I spent my day making potholders about the chickens and Minnie. Before today, most of the chicken potholders I made didn’t include the rooster Strut. Today, for some reason I found myself putting him in more of them. I think I was drawn to stitching his tail. All those poofy feathers. Such a beautiful rooster and I couldn’t help thinking he knew it. He stayed with his hens, bothering them as a rooster will, but watching over them too. Roosters always seem a little ridiculous to me, living up to their reputations.
And this afternoon, Strut was just being a rooster when he tried to attack me again and again, finally digging his claws into my leg. I don’t know why, over the past few weeks, he began to see me and Jon as something he needed to attack. But it was clear this behavior was just getting worse. A rooster that attacks people is a dangerous animal and I don’t want me or anyone else to have to be afraid of walking around my yard because they might be clawed by a rooster.
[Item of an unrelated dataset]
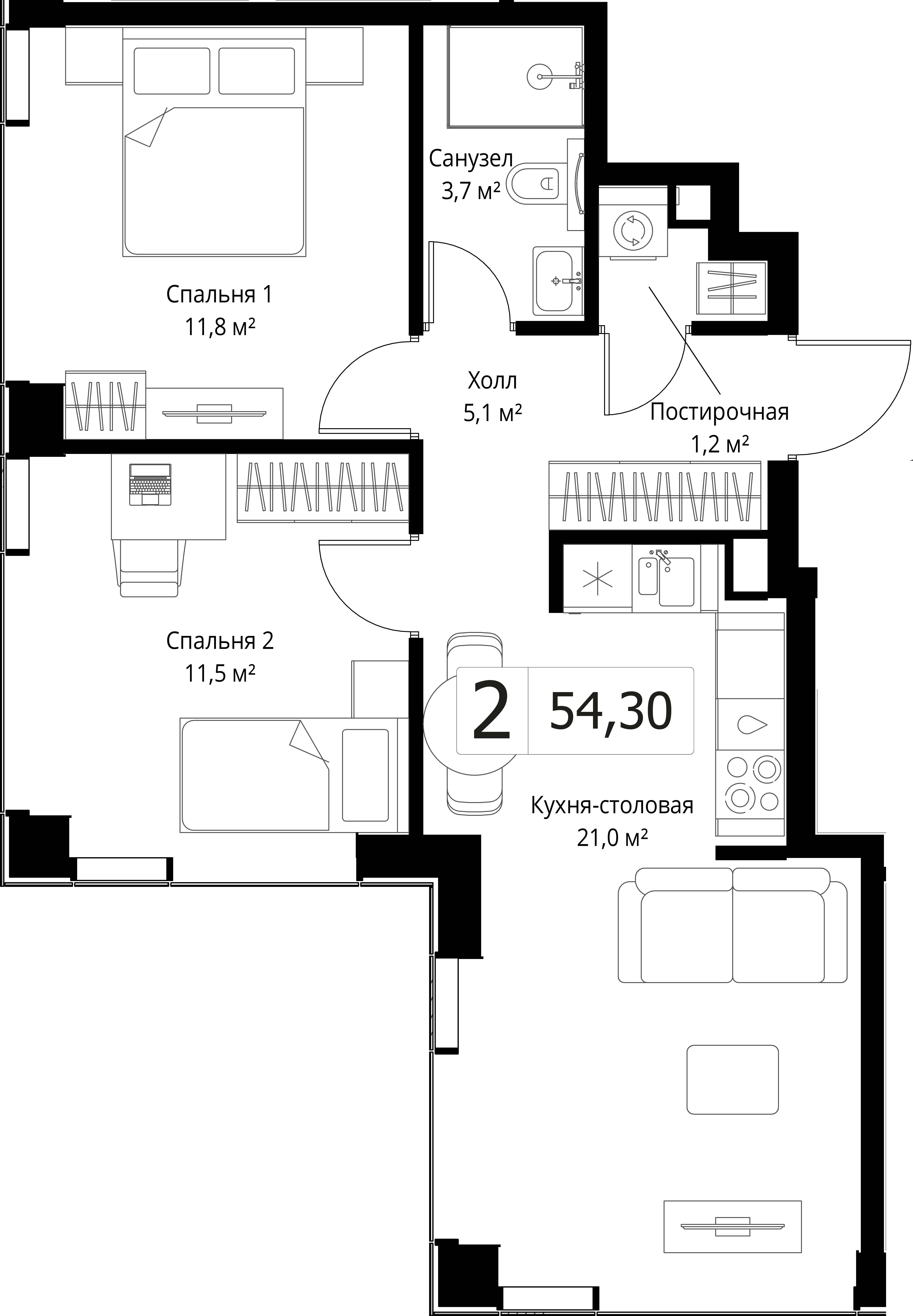 В продаже 2-комнатная квартира без отделки на 17 этаже, Корпус 1.3.

So Jon shot Strut this afternoon and I was sad and grateful. It had to be done and I was grateful I didn’t have to do it, although I would have done anything to protect myself when he was attacking me. I cried when I took Strut’s body to the hill behind the pasture, trying to find a place where it would easily be found by turkey vultures or coyotes. When I saw the deer leg lying on the ground, I knew it was the right spot. Someone would be coming back for it and find a dead rooster too. It was strangely comforting to place Strut’s body beside the deer leg, as if it was an affirmation of the rhythms of life and death.
Strut really was the essence of Rooster, he lived and died like one and I will miss him.